District information
- Type: Public intermediate school district
- President: William A. Jordan
- Vice-president: David A. Lovely
- Superintendent: Deborah Kadish
- Schools: 4
- Budget: US$32,329,000 (2010-11)
- NCES District ID: 2680504

Students and staff
- Students: 614 (2012-13)
- Teachers: 80.72 (2012-13)
- Staff: 205.93 (2012-13)
- Student–teacher ratio: 7.61 (2012-13)

Other information
- Website: www.baisd.net

= Bay–Arenac Intermediate School District =

Intermediate school district in Michigan, United States

The Bay–Arenac Intermediate School District (also known as Bay–Arenac ISD) is an intermediate school district in Michigan, headquartered in Bay City.

Most of Bay County and Arenac County is served by the Bay–Arenac Intermediate School District, which coordinates the efforts of local boards of education, but has no operating authority over schools. Local school boards in Michigan retain great autonomy over day-to-day operations.

==History==
In 2017, Arenac-Eastern School began sending students to Standish-Sterling due to declining enrollment.
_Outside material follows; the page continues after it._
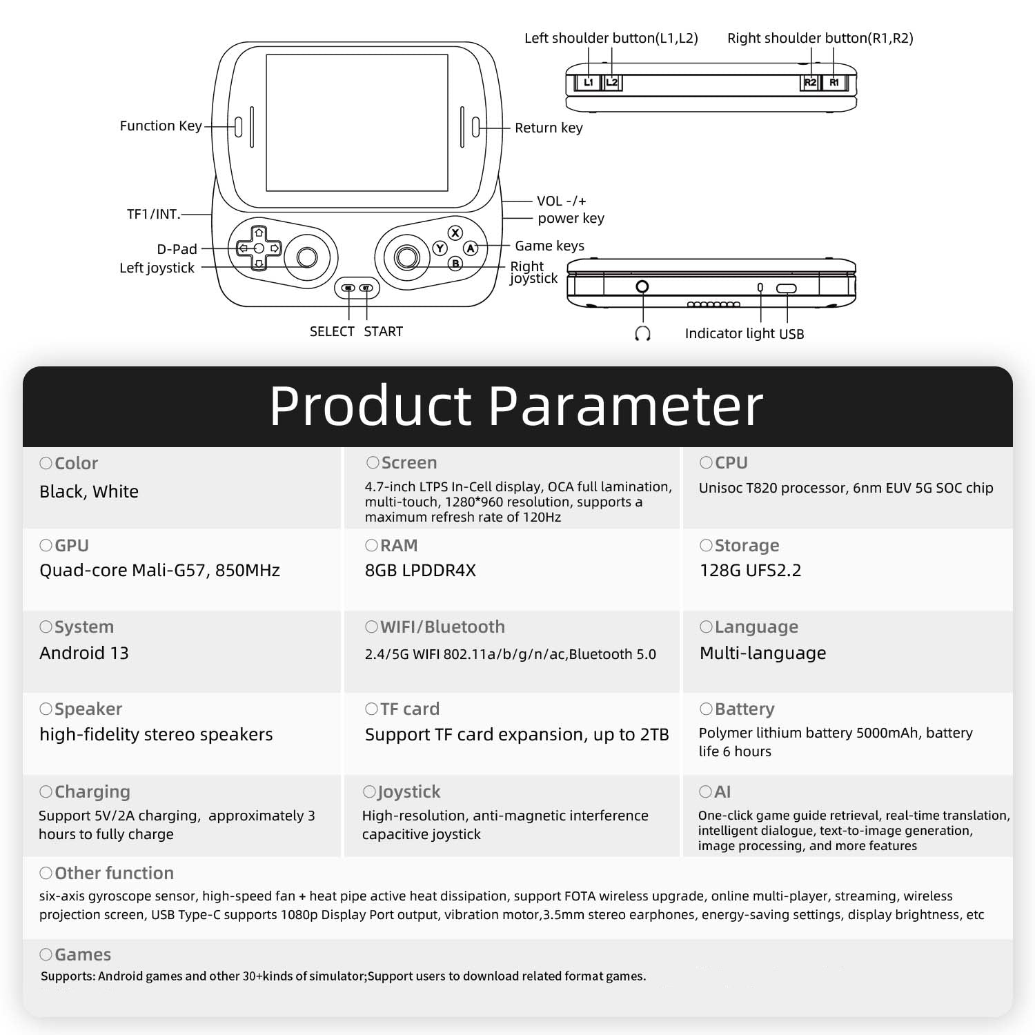 Six-axis gyroscope sensor, high-speed fan + heat pipe active heat dissipation, support FOTA wireless upgrade, online multi-player, streaming, wireless projection screen, USB Type-C supports 1080p Display Port output, vibration motor,3.5mm stereo earphones, energy-saving settings, display brightness, etc.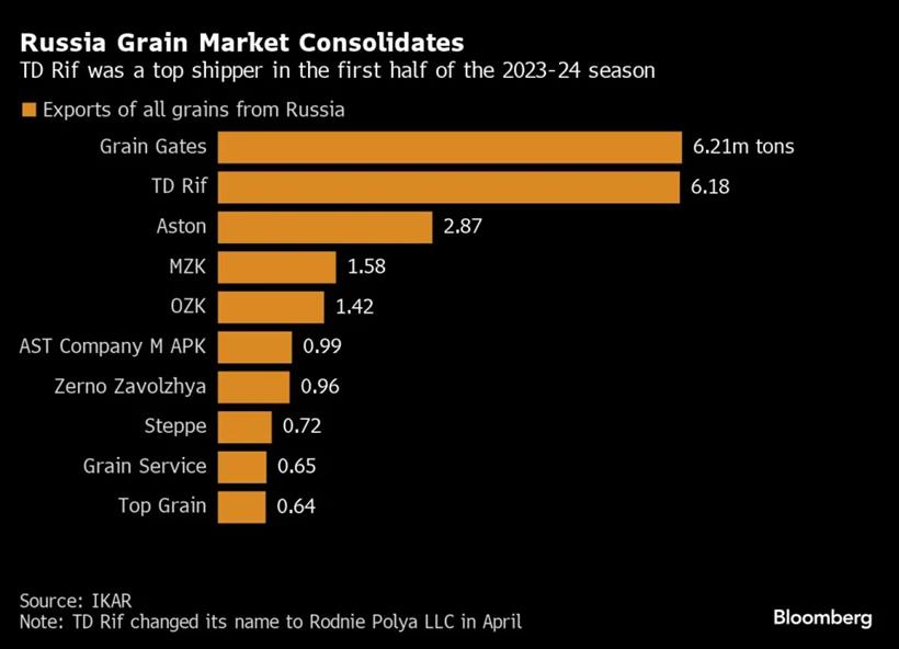Η ενοποίηση επιταχύνθηκε μετά τη στρατιωτική επιχείρηση στην Ουκρανία και αφήνει μόνο τέσσερις εταιρείες υπεύθυνες για τα τρία τέταρτα των εξαγωγών σιτηρών από τους τερματικούς σταθμούς της Μαύρης Θάλασσας της Ρωσίας.

On March 10, 2020, the vote passed by the three districts for Arenac-Eastern to be dissolved effective in June 2020 and split between Standish-Sterling Community Schools and Au Gres-Sims School District along M-65.

==Composition==
The Bay–Arenac Intermediate School District includes many public school districts, private schools, charter schools, colleges, and facilities.

==Governance==
The Bay–Arenac Intermediate School District is governed by a publicly elected board of education, who is responsible for hiring a superintendent to serve as the chief administrative officer of the agency.

===Public school districts===
As of the 2014–2015 school year, the communities of Bay and Arenac Counties are served by the following members of the Bay–Arenac Intermediate School District:
- Arenac-Eastern School District
- Au Gres-Sims School District
- Bangor Township Schools
- Bay City Public Schools
- Essexville-Hampton Public Schools
- Pinconning Area Schools
- Standish-Sterling Community Schools

===Private schools===
The Bay–Arenac Intermediate School District includes several private schools, such as All Saints Central High School.

===Charter schools===
The Bay–Arenac Intermediate School District includes charter schools, such as the Bay-Arenac Community High School.

===Agencies and facilities===
The Bay–Arenac Intermediate School District includes agencies and facilities such as the Bay-Arenac ISD Career Center.